Entretien avec Dominic Hardy

par Sophie Montreuil, rédactrice en chef

Dominic Hardy est professeur (historiographie et histoire de l'art au Québec et au Canada avant 1900) au Département d'histoire de l'art de l'université du Québec à montréal. spécialiste de la caricature au Québec avant 1960, il dirige les activités de l'équipe Caricature et satire graphique à montréal (CasGram) depuis 2009.

 

Dominic Hardy, en tant qu'historien de l'art, vous étudiez un objet qu'on ne classerait pas à priori parmi les œuvres d'art : la caricature. D'où vient votre intérêt pour ce genre et pourquoi avez-vous décidé d'y consacrer vos recherches?

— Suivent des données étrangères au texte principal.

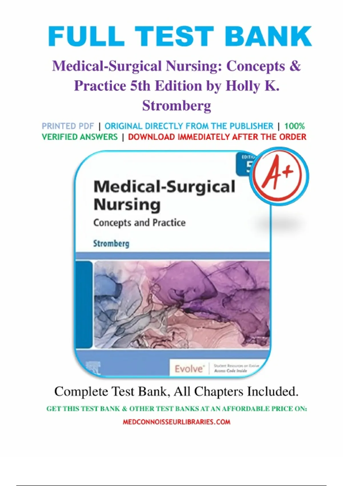 Test Bank For Medical Surgical Nursing 5th Edition By Holly K. Stromberg Chapter 1-49 | Latest Guide 2023 ISBN-13: 0210 Unit I. Medical-Surgical Nursing Settings 1. Caring for Medical-Surgical Patients Caring for Medical-Surgical Patients Roles of the LPN/LVN Employment Opportunities Ethical and Legal Practice Quality and Safety Health Care Today Financing of Health Care Providing Holistic Care 2. Critical Thinking, Clinical Judgment, and the Nursing Process Critical Thinking and Clinical Judgment Applying LPN/LVN Standards in Medical-Surgical Nursing Interdisciplinary (Collaborative) Care Plans Unit II. Medical-Surgical Patient Care Problems 3. Fluids, Electrolytes, Acid-Base Balance, and Intravenous Therapy Distribution and Regulation of Body Fluids Osmolality Fluid Imbalances Electrolytes Acid-Base System Acid-Base Imbalances Intravenous Fluid Therapy Nursing Management Community Care 4. Care of Preoperative and Intraoperative Surgical Patients Surgery Technological Approaches in Surgery Autologous Blood for Transfusion Bloodless Surgery Perioperative Nursing Management The Surgical Team The Surgical Suite Anesthesia Potential Intraoperative Complications 5. Care of Postoperative Surgical Patients Immediate Postoperative Care Nursing Management Discharge Planning Community Care 6. Infection Prevention and Control The Infectious Process and Disease The Body’s Defense Against Infection Infection Prevention and Control Health Care–Associated Infections Multidrug-Resistant Organisms (MDROs) Sepsis and Septic Shock Nursing Management Community Care 7. Care of Patients With Pain Theories of Pain Classification of Pain Perception of Pain Acute Versus Chronic Pain Nursing Management Management of Pain Community Care 8. Care of Patients With Cancer The Impact of Cancer Pathophysiology of Cancer Metastasis Genetic Factors Contributing Factors Classification of Tumors Measures to Prevent Cancer Detection of Cancer Nursing Management Common Therapies, Problems, and Nursing Care Common Problems Related to Cancer or Cancer Treatment Caring for the Dying Cancer Patient 9. Chronic Illness and Rehabilitation Chronic Illness Rehabilitation Nursing Management Home Care Unit III. Immune System 10. The Immune and Lymphatic Systems Anatomy and Physiology of the Immune and Lymphatic Systems Protective Mechanisms of the Immune and Lymphatic Systems Immune and Lymphatic System Disorders Nursing Management Common Problems Related to the Immune and Lymphatic Systems 11. Care of Patients With Immune and Lymphatic Disorders Immune Function and Dysfunction Immune Deficiency Conditions Therapeutic Immunosuppression Nursing Management Human Immunodeficiency Virus and Acquired Immunodeficiency Syndrome Nursing Management Human Immunodeficiency Virus Risk in Patients Older Than 50 Years Community Education and Care Autoimmune and Autoinflammatory Disorders Disorders of the Lymphatic System Disorders of Inappropriate Immune Response Nursing Management Unit IV. Respiratory System 12. The Respiratory System Overview of Anatomy and Physiology of the Respiratory System Causes of Respiratory Disorders Respiratory Disorders Nursing Management Common Respiratory Patient Care Problems 13. Care of Patients With Disorders of the Upper Respiratory System Disorders of the Nose and Sinuses Obstruction and Trauma Community Care 14. Care of Patients With Disorders of the Lower Respiratory System Respiratory Infectious Diseases Restrictive Pulmonary Disorders Obstructive Pulmonary Disorders Pulmonary Vascular Disorders Chest Injuries Lung Disorders Common Therapeutic Measures Community Care Unit V. Hematologic System 15. The Hematologic System Overview of Anatomy and Physiology of the Hematologic System Causes of Hematologic Disorders Prevention of Hematologic Disorders Diagnostic Tests and Procedures Nursing Management Common Problems Related to Disorders of the Hematologic System 16. Care of Patients With Hematologic Disorders Disorders of the Hematologic System Nursing Management Coagulation Disorders Therapies Frequently Used in the Management of Hematologic Disorders Community Care Unit VI. Cardiovascular System 17. The Cardiovascular System Overview of Anatomy and Physiology of the Cardiovascular System Cardiovascular Disease Nursing Management Evaluation Common Problems of Patients With Cardiovascular Disorders 18. Care of Patients With Hypertension and Peripheral Vascular Disease Hypertension Nursing Management Arteriosclerosis and Atherosclerosis Peripheral Vascular Disease Nursing Management Nursing Management Nursing Management Venous Disorders Nursing Management Nursing Management Community Care 19. Care of Patients With Cardiac Disorders Disorders of the Heart Nursing Management Inflammatory and Infectious Diseases of the Heart Cardiomyopathy Cardiac Valve Disorders Common Therapies and Their Nursing Implications Community Care 20. Care of Patients With Coronary Artery Disease and Cardiac Surgery Coronary Artery Disease Surgical and Nonsurgical Treatment Options Community Care Unit VII. Neurologic System 21. The Neurologic System Anatomy and Physiology Of The Neurologic System Causative Factors Involved in Neurologic Disorders Prevention of Neurologic Disorders Evaluation of Neurologic Status Nursing Management Common Neurologic Patient Care Problems 22. Care of Patients With Head and Spinal Cord Injuries Traumatic Brain (Head) Injuries Increased Intracranial Pressure Nursing Management Injuries of the Spine and Spinal Cord Nursing Management Back Pain and Herniated Disk (Bulged, Slipped, or Ruptured Disk) 23. Care of Patients With Brain Disorders Seizure Disorders and Epilepsy Nursing Management Transient Ischemic Attack Cerebrovascular Accident (Stroke, Brain Attack) Nursing Management Brain Tumor Nursing Management Infectious and Inflammatory Disorders of the Nervous System Nursing Management Headaches Cranial nerve disorders Nursing Management 24. Care of Patients With Peripheral Nerve and Degenerative Neurologic 
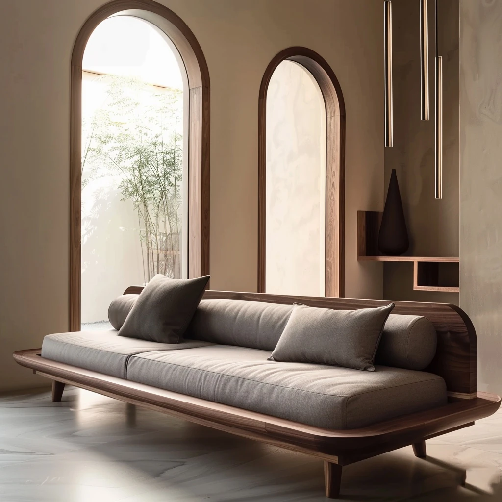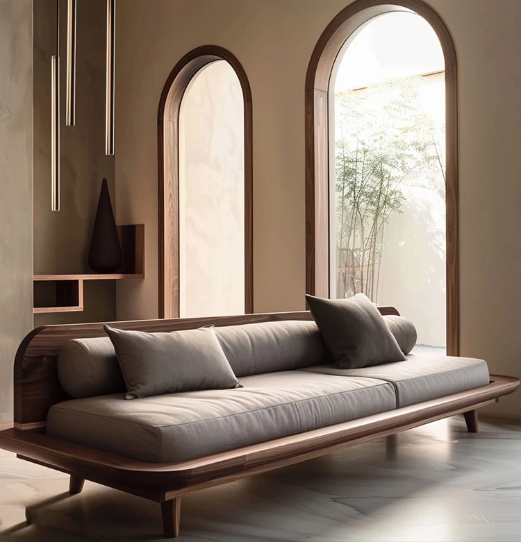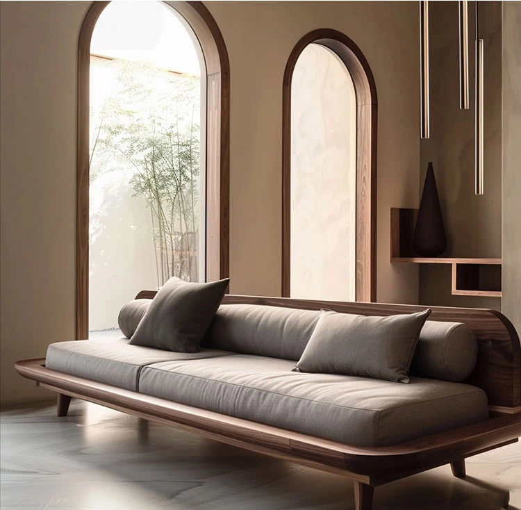 新中式デザインのイタリアンウォールナット製ソファ・カウチ、侘び寂びの風合いを持つローハンベッド。現代的でシンプルな民宿やホテルに最適なアイテム。心地よいひとときを演出します。
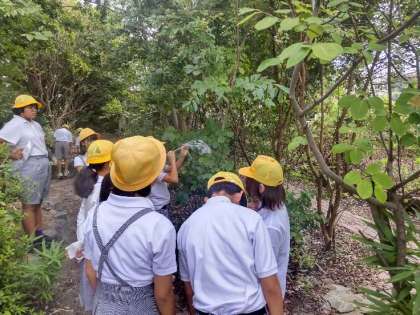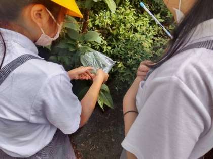 光合成で二酸化炭素の量が減るのかを実験で確かめています。
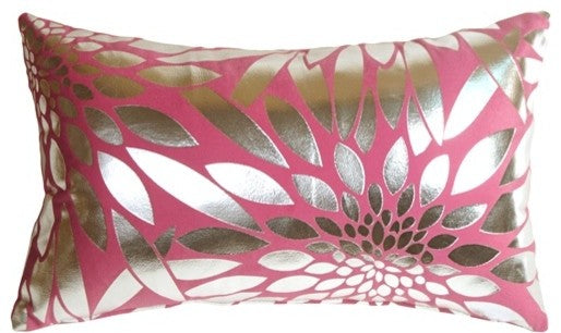 Pillow Decor - Metallic Floral Pink Rectangular Throw Pillow
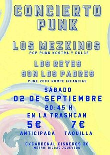 Concierto Punk de Los Mezkinos (Pop Punk kostrero y dulce) y Los Reyes Son Los Padres (Punk Rock rompe infancias) el día 2 de septiembre en la sala Trashcan (Calle Cardenal Cisneros Nº 30). Apertura de puertas a las 20:45.
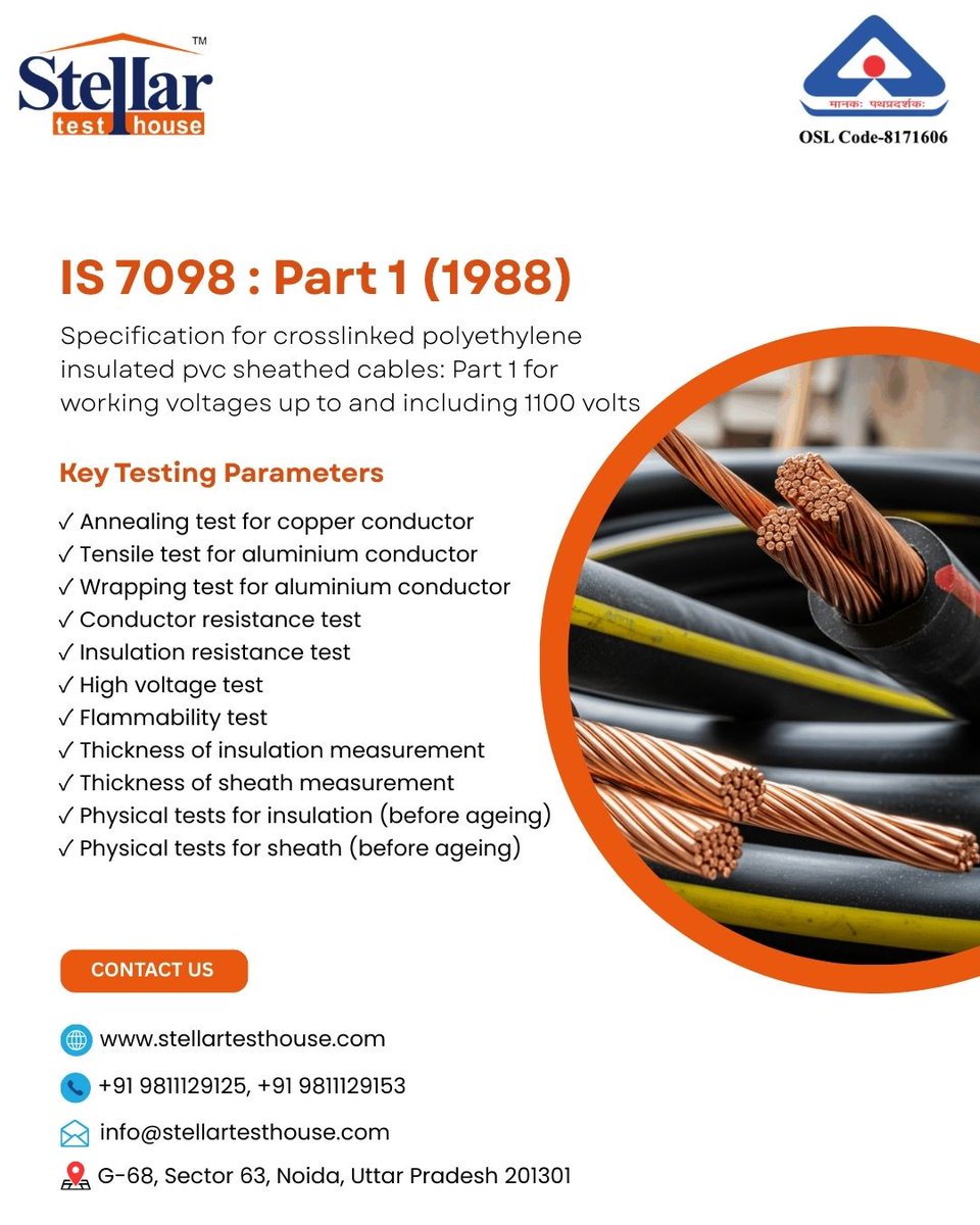 IS 7098 : Part 1 (1988) Specification for crosslinked polyethylene insulated pvc sheathed cables: Part 1 for working voltages up to and including 1100 volts 📞 9811129125, 9811129153 🌐 stellartesthouse.com #IS7098 #XLPECable #CableTesting #ElectricalTesting

C'est la caricature pratiquée par Henri Julien qui a été le point de départ. Je l'ai découverte, il y a plus de 30 ans, en travaillant sur l'iconographie de Sir Wilfrid Laurier. Parmi la statuaire officielle et les photographies du tournant du XXe siècle, les dessins faits par Julien pour le Montreal Daily Star étaient des éclats de virtuosité graphique. Au cours de ses 20 ans de carrière, il a surtout été illustrateur, mais pendant une année glorieuse (1899), il a fait des caricatures, ou encore ce qu'on pourrait appeler des satires graphiques – alliant le travail sur la physionomie à un discours et à des textes ironiques. La fusion des deux éléments devait provoquer le rire chez les lecteurs du Star.

Dans la série Songs of the By-Town Coons (1899), pour représenter Laurier et ses ministres en tant que Blackface Minstrels, Julien manipulait les corps et les visages dans des élans de jeux d'encre et de pinceau. C'était comme si ces messieurs s'étaient rendus à son atelier pour poser en tant que danseurs de vaudeville! J'étais frappé par le jeu qu'il établissait entre son dessin de reportage, très fidèle au modèle, et l'intention satirique qui lui permettait de subvertir les codes de ce même reportage. La présence d'un dessin aussi virtuose et cette subversion des codes de la représentation visuelle s'alignaient avec les nouvelles pratiques en histoire de l'art à l'époque (1980-1981). Les historiens de l'art au Québec ne voyaient pas à ce moment-là la caricature comme un objet d'étude. Je voyais donc de bonnes raisons d'entreprendre une étude approfondie et j'ai rapidement compris tout ce qu'il y avait à faire au sujet de la caricature et de la satire graphique sur le plan de l'histoire de l'art au Québec.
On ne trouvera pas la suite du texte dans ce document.